Discussion Questions
-
SecureFirst's hybrid architecture uses AWS managed services (API Gateway, Amazon MQ, ECS Fargate) where CNB uses self-managed equivalents (Kong, Kafka, Kubernetes). What are the tradeoffs? At what organizational size does the transition from managed to self-managed make sense?
-
The packed decimal precision bug (Incident #2) is a data type translation error in the ACL. How could this have been caught before production? Design a testing strategy specifically for ACL data type translation.
-
Carlos evolved from "CICS is a black box" to reading CICS traces in 12 months. What organizational conditions enabled this transformation? Could this be replicated at an organization where mainframe and cloud teams are in separate buildings or separate cities?
-
SecureFirst's CDC replication lag is increasing (15 sec → 22 sec avg, 45 sec → 68 sec p99) as they add more tables.
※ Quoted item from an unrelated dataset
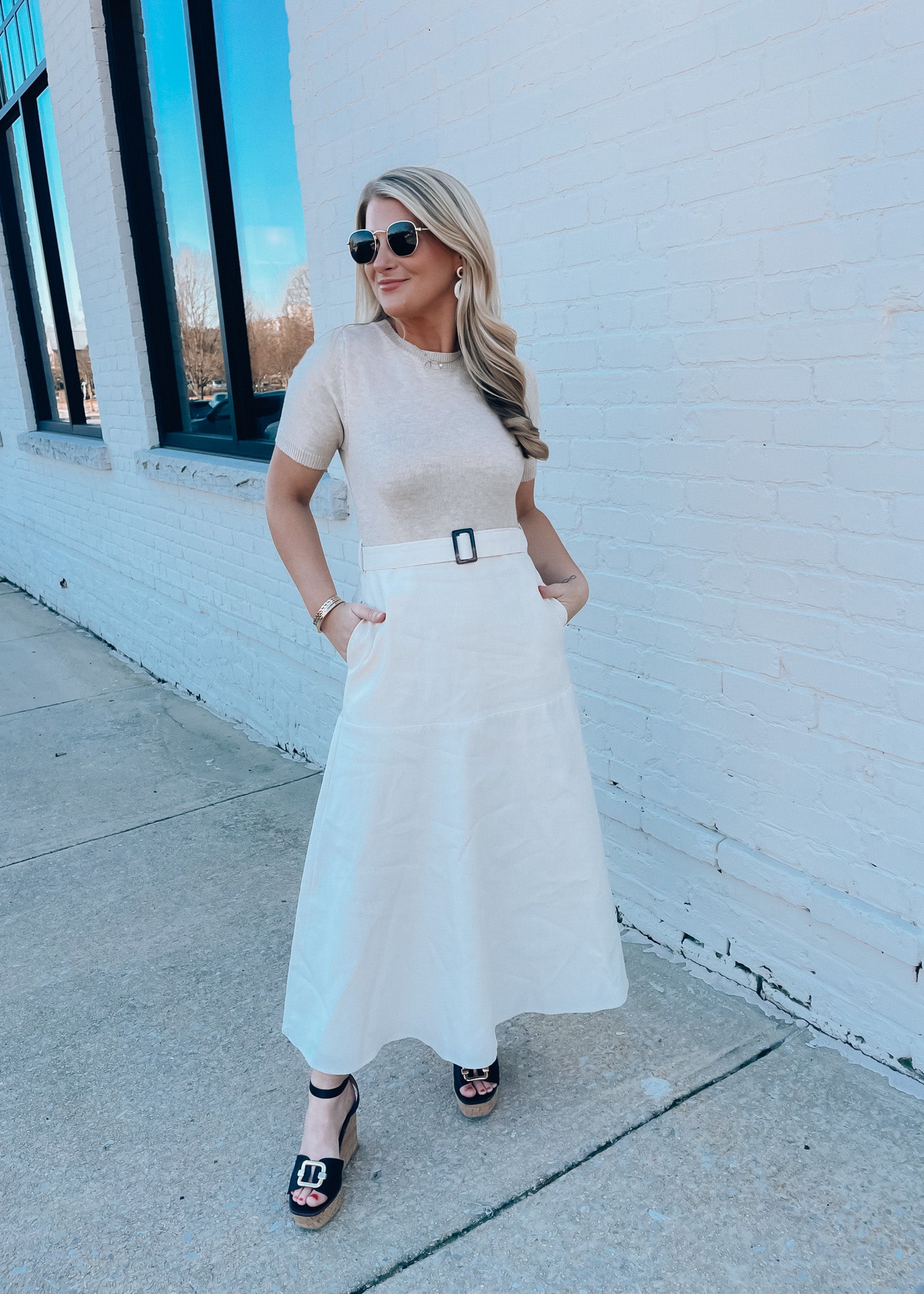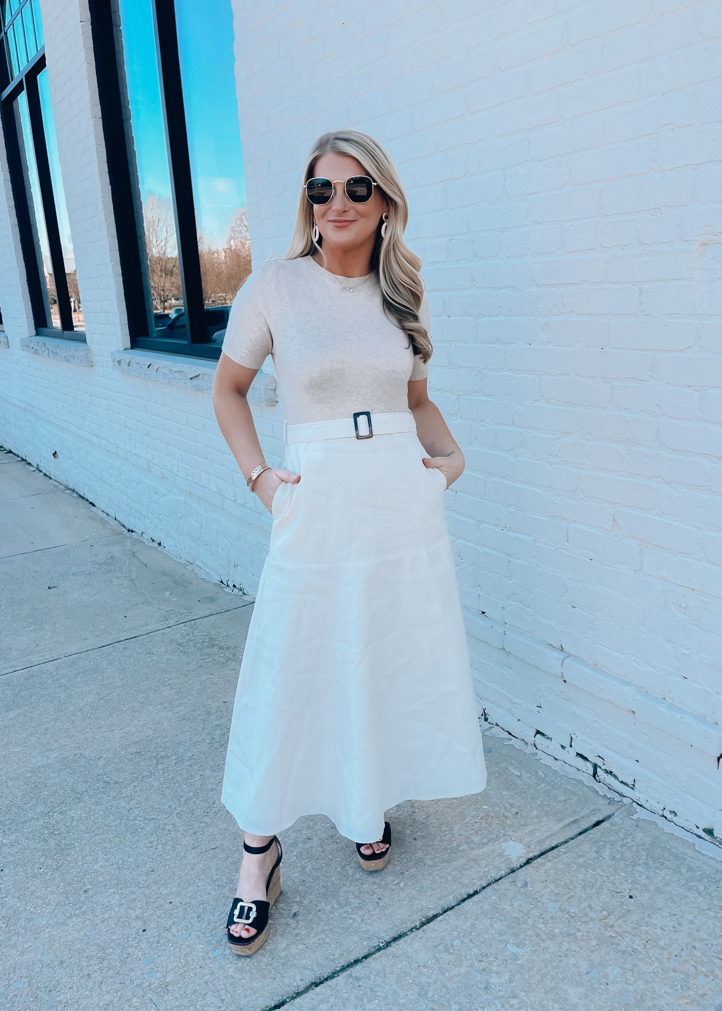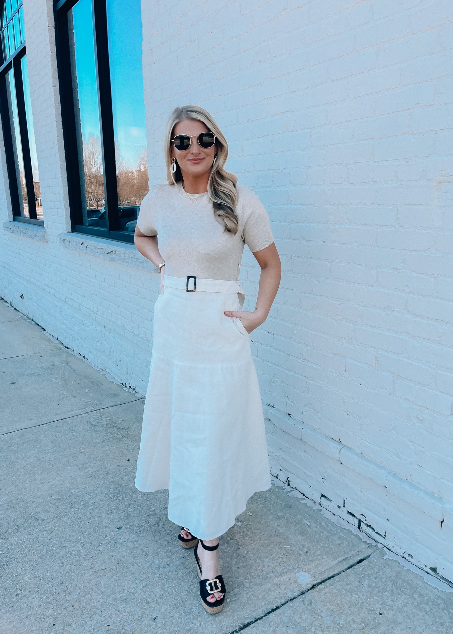 Take a chance on our By Chance Midi Dress! This dress combines a cozy, natural-colored sweater top with a stylish fit and flare linen skirt. With a cinching belt to accentuate your waist, you'll love the comfort and versatility of this twofer dress. Perfect for any occasion!

Using the CDC patterns from Section 37.3, design a remediation plan that keeps lag under the 60-second SLA as they continue to expand replication.
-
The dual-VPN remediation after Incident #1 provides network redundancy, but the architecture still has a single LPAR. What other single points of failure exist in SecureFirst's architecture, and how would you address them within their $2M annual budget constraint?
-
Yuki says "We don't have a formal integration squad — Carlos and I are the integration function." This works at SecureFirst's scale, but identify the risks. What happens if Carlos or Yuki leaves? Design a knowledge transfer and bus-factor mitigation plan.